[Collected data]
========================================
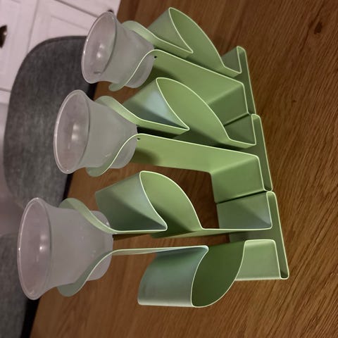 PartyLite kynttilänjalka, jossa on kolme lasista kynttiläkuppia. Kynttilänjalka on valmistettu lasista ja siinä on tyylikäs, kaareva muotoilu.
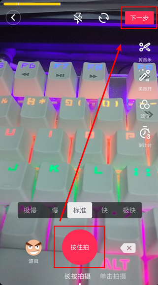 按住拍摄,拍摄完成后点击“下一步”
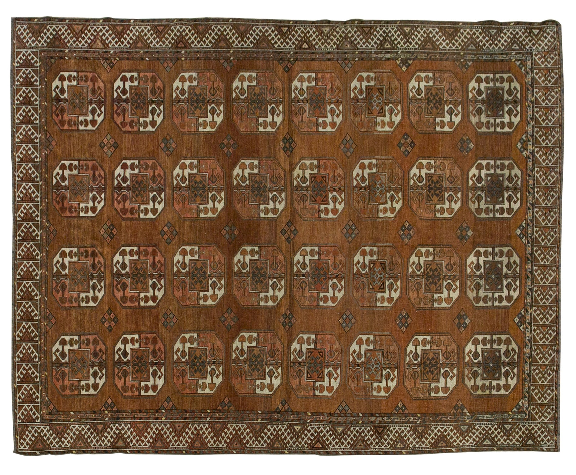 The iconic "elephant's foot" motif, rendered in these distinctive colours, stands out boldly against the rug's field, showcasing the artistry and skill of Turkmen weavers. Each geometric pattern and tribal symbol is meticulously crafted, telling a story of nomadic heritage and cultural pride. The rug's age is evident in its soft, weathered texture and subtle signs of use, which only enhance its authenticity and character.
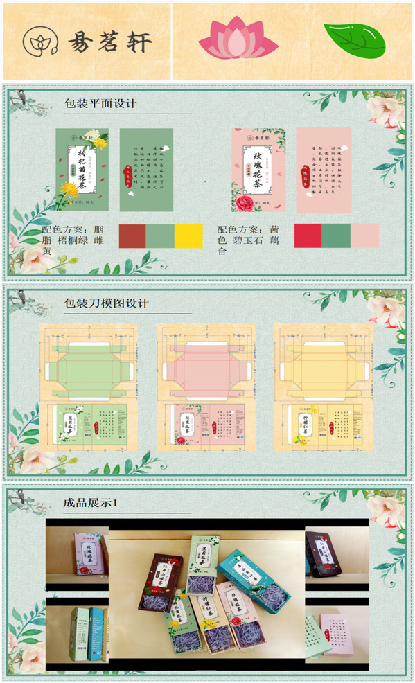 1702911班顾子琦作品:利用纸张彩印的方式,对全套茶叶品牌包装进行视觉和包装设计,体现了学生产品包装设计的专业性和创意性。
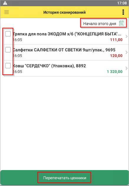 Выберите пункт "История сканирования" в основном меню приложения. В открывшейся форме отображаются ранее проверенные ценники и можно выбрать период для просмотра истории сканирования.
========================================
> **EXERCISE PROMPT**
Print the data exactly as written, dropping any images it holds.

> **SOLUTION TO THIS EXERCISE**
 PartyLite kynttilänjalka, jossa on kolme lasista kynttiläkuppia. Kynttilänjalka on valmistettu lasista ja siinä on tyylikäs, kaareva muotoilu.
 按住拍摄,拍摄完成后点击“下一步”
 The iconic "elephant's foot" motif, rendered in these distinctive colours, stands out boldly against the rug's field, showcasing the artistry and skill of Turkmen weavers. Each geometric pattern and tribal symbol is meticulously crafted, telling a story of nomadic heritage and cultural pride. The rug's age is evident in its soft, weathered texture and subtle signs of use, which only enhance its authenticity and character.
 1702911班顾子琦作品:利用纸张彩印的方式,对全套茶叶品牌包装进行视觉和包装设计,体现了学生产品包装设计的专业性和创意性。
 Выберите пункт "История сканирования" в основном меню приложения. В открывшейся форме отображаются ранее проверенные ценники и можно выбрать период для просмотра истории сканирования.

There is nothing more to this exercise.